| Source material |
:::

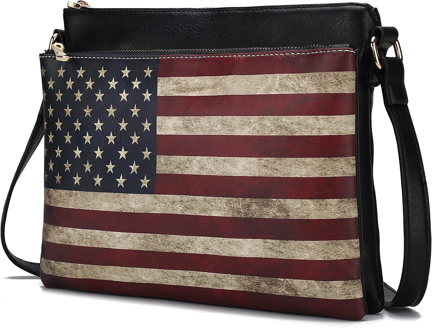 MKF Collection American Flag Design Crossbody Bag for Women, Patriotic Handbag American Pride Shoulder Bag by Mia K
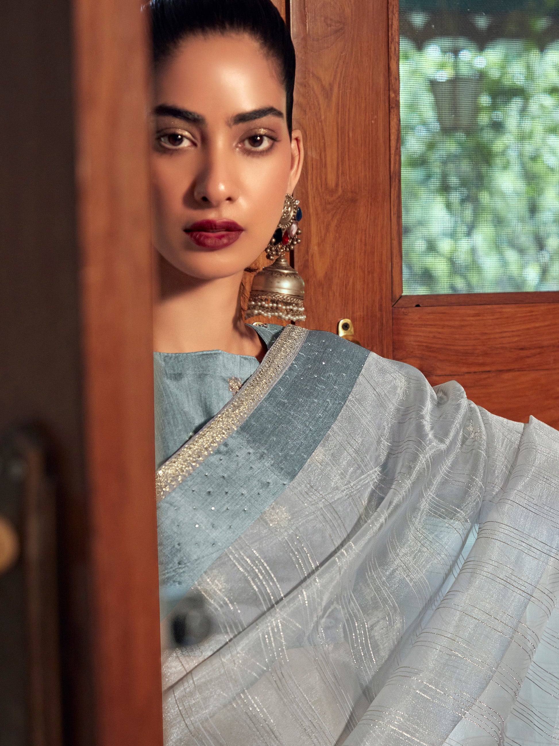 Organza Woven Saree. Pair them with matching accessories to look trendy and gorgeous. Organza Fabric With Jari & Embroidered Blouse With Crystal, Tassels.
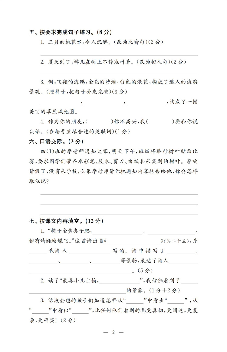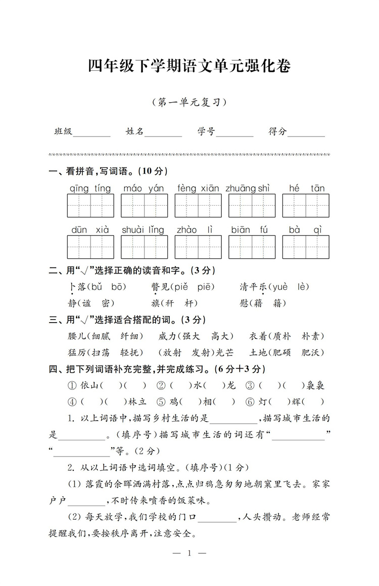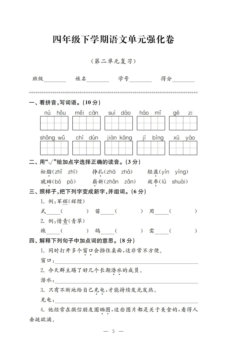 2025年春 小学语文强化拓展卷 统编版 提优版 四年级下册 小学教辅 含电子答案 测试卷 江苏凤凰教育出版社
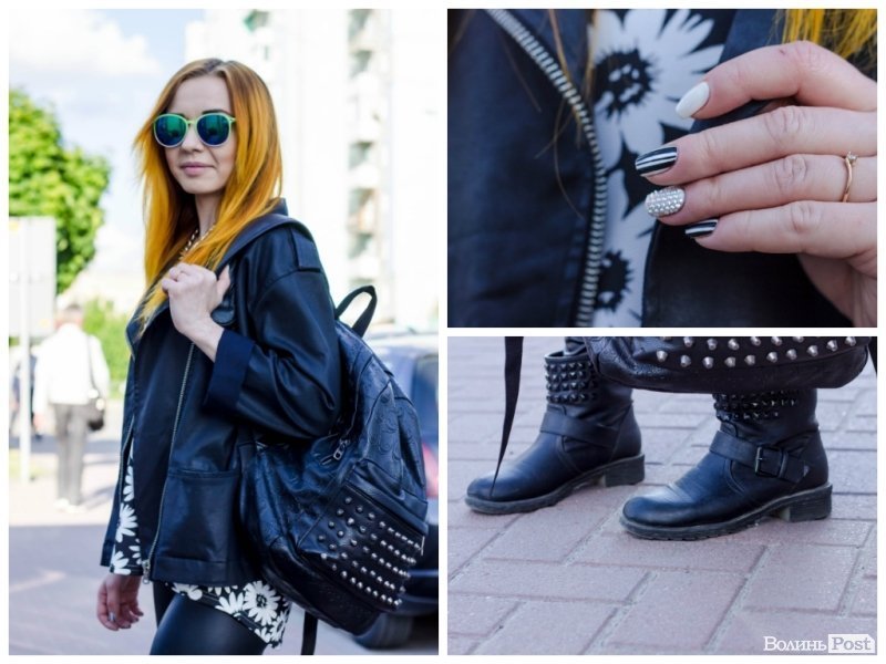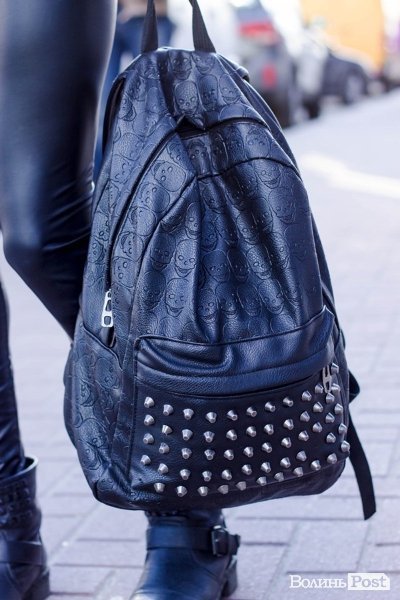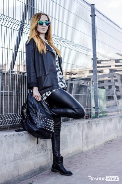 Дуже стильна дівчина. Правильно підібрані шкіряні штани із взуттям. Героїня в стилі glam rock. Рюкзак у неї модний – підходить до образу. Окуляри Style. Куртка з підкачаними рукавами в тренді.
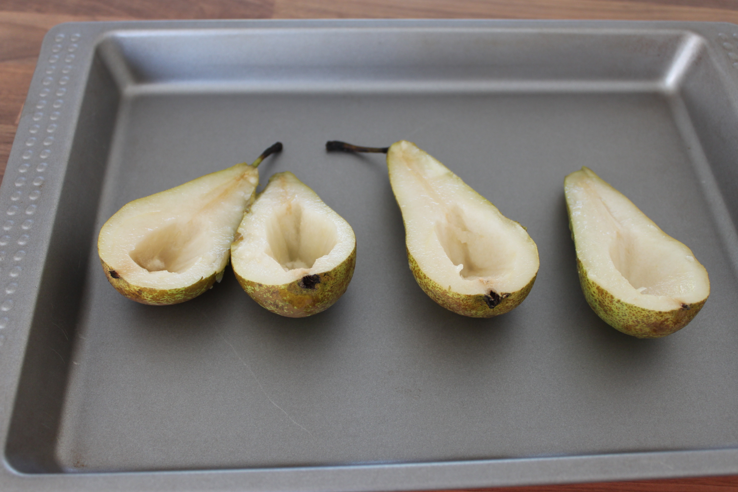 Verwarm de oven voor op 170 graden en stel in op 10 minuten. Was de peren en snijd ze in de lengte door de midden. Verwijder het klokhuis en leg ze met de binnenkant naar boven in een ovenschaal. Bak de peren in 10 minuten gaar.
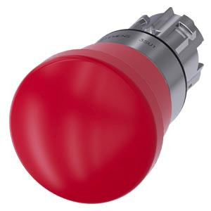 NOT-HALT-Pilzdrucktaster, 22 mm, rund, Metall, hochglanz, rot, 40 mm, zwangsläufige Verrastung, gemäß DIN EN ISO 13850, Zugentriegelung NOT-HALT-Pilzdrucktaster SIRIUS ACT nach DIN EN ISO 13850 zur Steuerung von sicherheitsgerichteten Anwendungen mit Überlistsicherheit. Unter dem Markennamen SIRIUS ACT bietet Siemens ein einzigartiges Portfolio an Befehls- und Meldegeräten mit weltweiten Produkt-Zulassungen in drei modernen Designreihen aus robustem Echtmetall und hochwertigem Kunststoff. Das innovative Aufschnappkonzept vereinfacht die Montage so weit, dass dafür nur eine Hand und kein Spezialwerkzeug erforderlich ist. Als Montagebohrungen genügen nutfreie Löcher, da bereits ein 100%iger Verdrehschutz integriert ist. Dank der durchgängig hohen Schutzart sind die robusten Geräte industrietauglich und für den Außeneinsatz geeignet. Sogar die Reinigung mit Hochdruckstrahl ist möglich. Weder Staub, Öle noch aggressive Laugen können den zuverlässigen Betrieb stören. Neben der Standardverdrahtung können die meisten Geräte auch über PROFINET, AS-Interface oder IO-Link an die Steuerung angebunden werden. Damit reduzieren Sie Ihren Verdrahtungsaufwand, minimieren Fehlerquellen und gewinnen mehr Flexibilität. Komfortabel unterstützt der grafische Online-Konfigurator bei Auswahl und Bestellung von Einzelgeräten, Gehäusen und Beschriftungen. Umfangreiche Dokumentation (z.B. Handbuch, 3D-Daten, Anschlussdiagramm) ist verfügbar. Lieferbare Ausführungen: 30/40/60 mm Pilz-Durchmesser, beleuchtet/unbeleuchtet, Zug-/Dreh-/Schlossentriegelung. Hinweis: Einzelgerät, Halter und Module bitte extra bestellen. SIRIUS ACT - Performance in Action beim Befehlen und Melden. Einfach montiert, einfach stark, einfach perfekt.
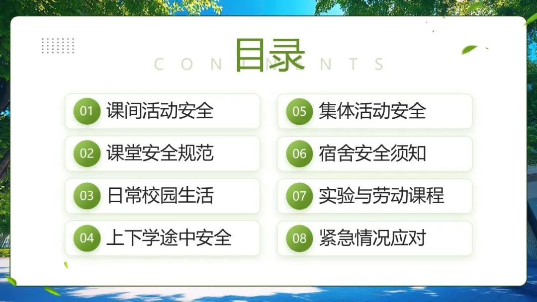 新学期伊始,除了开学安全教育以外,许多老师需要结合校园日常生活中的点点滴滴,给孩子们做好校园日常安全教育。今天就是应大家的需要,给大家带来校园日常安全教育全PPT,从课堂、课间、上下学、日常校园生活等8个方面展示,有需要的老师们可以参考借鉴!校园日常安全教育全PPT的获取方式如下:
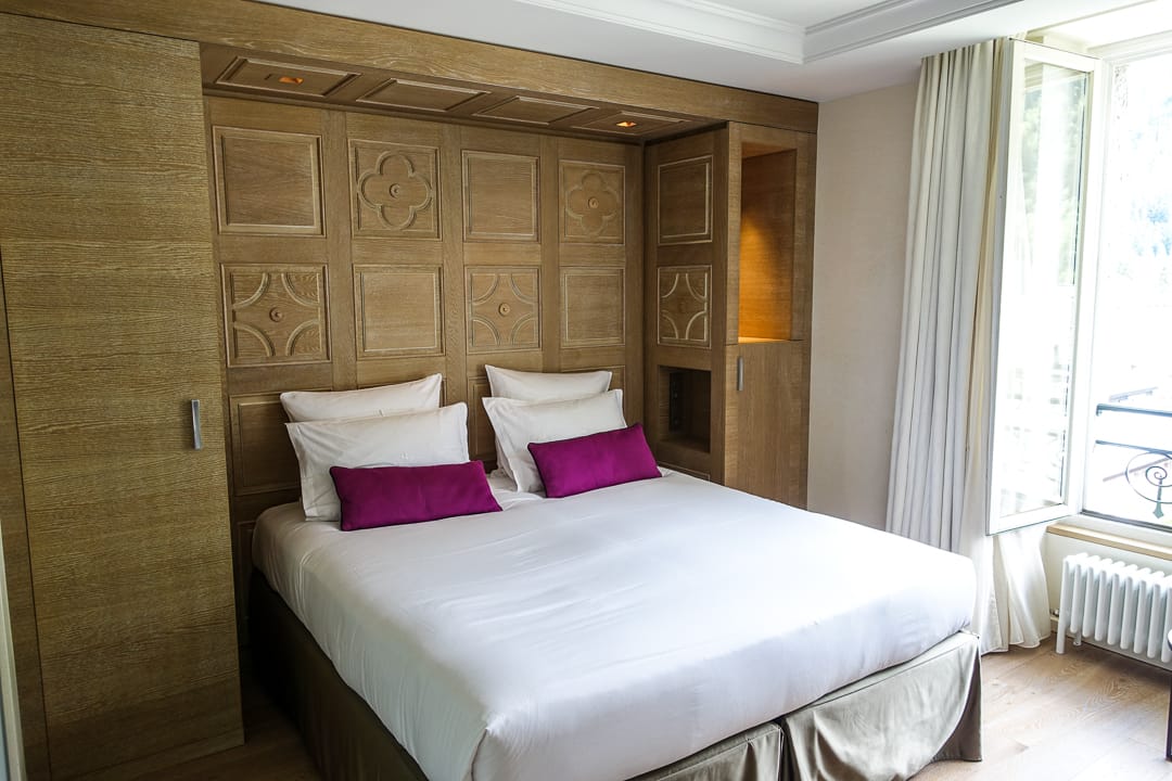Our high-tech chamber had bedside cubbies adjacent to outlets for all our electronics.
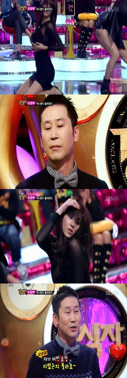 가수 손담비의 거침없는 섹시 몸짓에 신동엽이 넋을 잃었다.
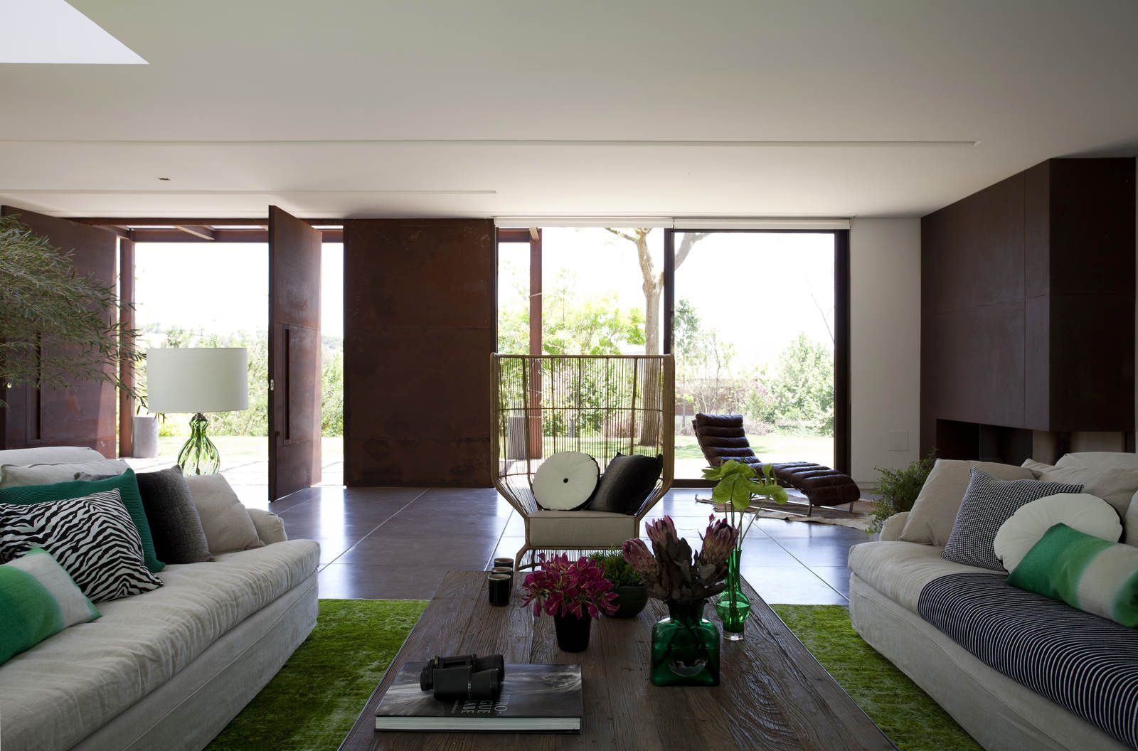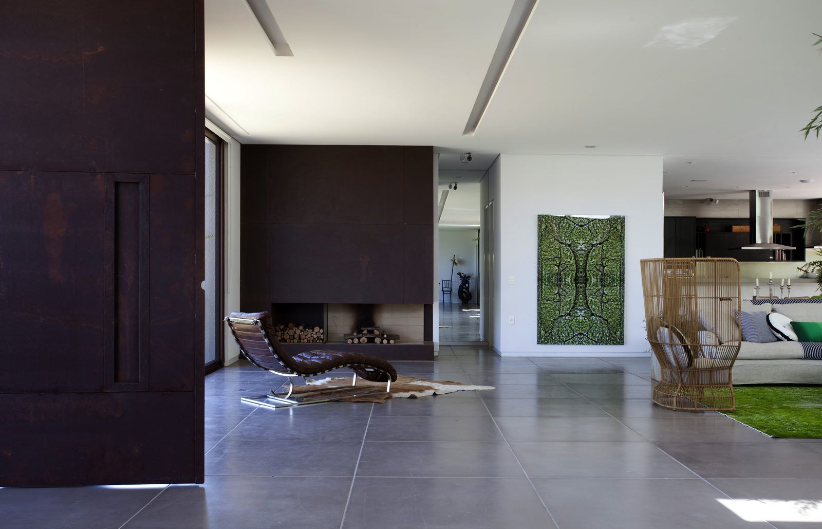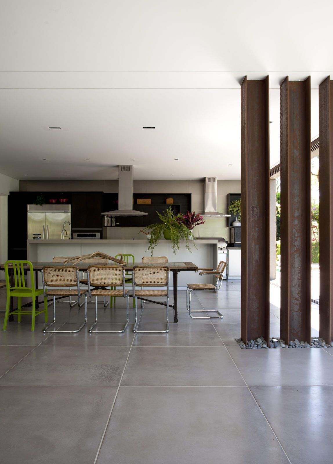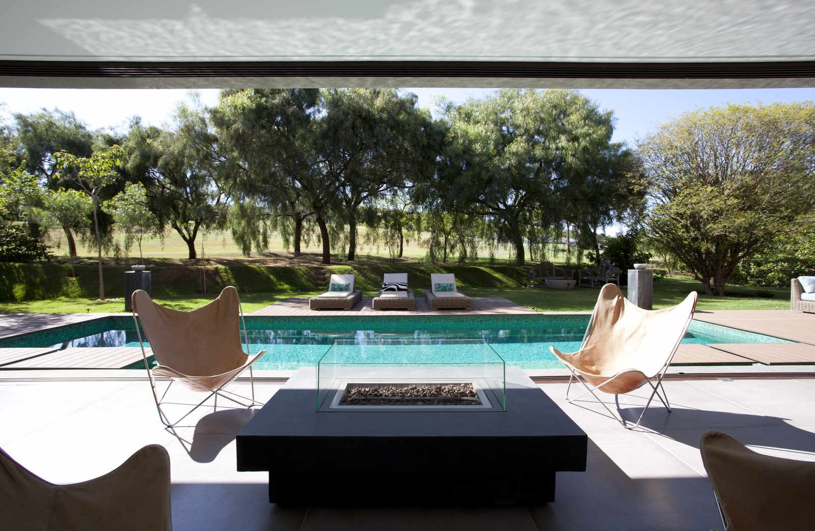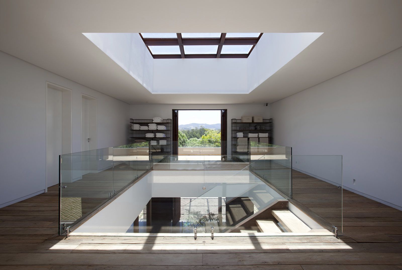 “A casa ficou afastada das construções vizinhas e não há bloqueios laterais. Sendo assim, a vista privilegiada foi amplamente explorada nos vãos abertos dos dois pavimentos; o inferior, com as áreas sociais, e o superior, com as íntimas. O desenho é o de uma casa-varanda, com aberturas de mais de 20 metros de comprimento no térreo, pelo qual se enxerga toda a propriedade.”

:::

| How to complete this task |
Output all the data, exactly, without images.

| Response to this task |
 MKF Collection American Flag Design Crossbody Bag for Women, Patriotic Handbag American Pride Shoulder Bag by Mia K
 Organza Woven Saree. Pair them with matching accessories to look trendy and gorgeous. Organza Fabric With Jari & Embroidered Blouse With Crystal, Tassels.
 2025年春 小学语文强化拓展卷 统编版 提优版 四年级下册 小学教辅 含电子答案 测试卷 江苏凤凰教育出版社
 Дуже стильна дівчина. Правильно підібрані шкіряні штани із взуттям. Героїня в стилі glam rock. Рюкзак у неї модний – підходить до образу. Окуляри Style. Куртка з підкачаними рукавами в тренді.
 Verwarm de oven voor op 170 graden en stel in op 10 minuten. Was de peren en snijd ze in de lengte door de midden. Verwijder het klokhuis en leg ze met de binnenkant naar boven in een ovenschaal. Bak de peren in 10 minuten gaar.
 NOT-HALT-Pilzdrucktaster, 22 mm, rund, Metall, hochglanz, rot, 40 mm, zwangsläufige Verrastung, gemäß DIN EN ISO 13850, Zugentriegelung NOT-HALT-Pilzdrucktaster SIRIUS ACT nach DIN EN ISO 13850 zur Steuerung von sicherheitsgerichteten Anwendungen mit Überlistsicherheit. Unter dem Markennamen SIRIUS ACT bietet Siemens ein einzigartiges Portfolio an Befehls- und Meldegeräten mit weltweiten Produkt-Zulassungen in drei modernen Designreihen aus robustem Echtmetall und hochwertigem Kunststoff. Das innovative Aufschnappkonzept vereinfacht die Montage so weit, dass dafür nur eine Hand und kein Spezialwerkzeug erforderlich ist. Als Montagebohrungen genügen nutfreie Löcher, da bereits ein 100%iger Verdrehschutz integriert ist. Dank der durchgängig hohen Schutzart sind die robusten Geräte industrietauglich und für den Außeneinsatz geeignet. Sogar die Reinigung mit Hochdruckstrahl ist möglich. Weder Staub, Öle noch aggressive Laugen können den zuverlässigen Betrieb stören. Neben der Standardverdrahtung können die meisten Geräte auch über PROFINET, AS-Interface oder IO-Link an die Steuerung angebunden werden. Damit reduzieren Sie Ihren Verdrahtungsaufwand, minimieren Fehlerquellen und gewinnen mehr Flexibilität. Komfortabel unterstützt der grafische Online-Konfigurator bei Auswahl und Bestellung von Einzelgeräten, Gehäusen und Beschriftungen. Umfangreiche Dokumentation (z.B. Handbuch, 3D-Daten, Anschlussdiagramm) ist verfügbar. Lieferbare Ausführungen: 30/40/60 mm Pilz-Durchmesser, beleuchtet/unbeleuchtet, Zug-/Dreh-/Schlossentriegelung. Hinweis: Einzelgerät, Halter und Module bitte extra bestellen. SIRIUS ACT - Performance in Action beim Befehlen und Melden. Einfach montiert, einfach stark, einfach perfekt.
 新学期伊始,除了开学安全教育以外,许多老师需要结合校园日常生活中的点点滴滴,给孩子们做好校园日常安全教育。今天就是应大家的需要,给大家带来校园日常安全教育全PPT,从课堂、课间、上下学、日常校园生活等8个方面展示,有需要的老师们可以参考借鉴!校园日常安全教育全PPT的获取方式如下:
Our high-tech chamber had bedside cubbies adjacent to outlets for all our electronics.
 가수 손담비의 거침없는 섹시 몸짓에 신동엽이 넋을 잃었다.
 “A casa ficou afastada das construções vizinhas e não há bloqueios laterais. Sendo assim, a vista privilegiada foi amplamente explorada nos vãos abertos dos dois pavimentos; o inferior, com as áreas sociais, e o superior, com as íntimas. O desenho é o de uma casa-varanda, com aberturas de mais de 20 metros de comprimento no térreo, pelo qual se enxerga toda a propriedade.”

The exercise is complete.